Quant au large domaine de l’industrie (plus de 700 000 salariés en Suisse), «cela varie selon les branches», avertit Yves Defferrard, le responsable du secteur chez Unia. Le Vaudois précise: «C’est très cyclique. Actuellement, l’horlogerie se porte assez bien, tandis que l’industrie des machines vit une période compliquée, tout comme le secteur des exportations, notamment à cause du franc fort.» Mais les syndicats peinent à fournir des chiffres précis. «Ces données se trouvent plutôt du côté des entreprises», regrette sa porte-parole.

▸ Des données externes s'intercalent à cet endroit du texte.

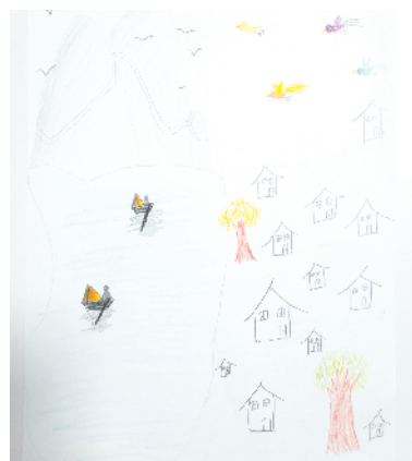
小记者:黄立言 证号:211008 周口闫庄小学二(1)班

Post-partum, accidents ou maladies
Dans le secteur de la santé, impossible de licencier en masse. Pénurie de personnel oblige, explique Beatriz Rosende Carobbio, la secrétaire centrale du Syndicat des secteurs publics (SSP). «Ici, il s’agit plutôt d’écrémage, de se débarrasser de salariés jugés moins performants au fil du temps.» Quand on lui demande qui est dans le viseur de ces licenciements, pas la moindre hésitation. «Ceux qui tombent malades ou subissent un accident.» Dans un secteur professionnel aussi contraignant physiquement que psychiquement, explique-t-elle, toute atteinte à la santé peut rapidement se traduire par un licenciement. «Dans 9 cas sur 10, dans ma pratique actuelle, les salariés se font mettre à la porte à la fin du délai de protection qui suit une maladie ou un accident. Lorsqu’on est accusé de ne plus pouvoir remplir le cahier des charges, cela condamne dans ce métier.»
Bébé à bord, et les risques augmentent encore. Perdre son emploi pour cause de maternité, ou à la suite d’un refus de l’employeur d’accorder une réduction de temps de travail, «c’est une pratique illégale, mais dont on témoigne encore régulièrement», confirme amèrement Yves Defferrard. Selon une étude de l’institut BASS, mandaté par l’Office fédéral des assurances sociales (OFAS), près d’un employeur sur dix déclare licencier des femmes à leur retour de maternité, dès la fin du délai de protection de 16 semaines.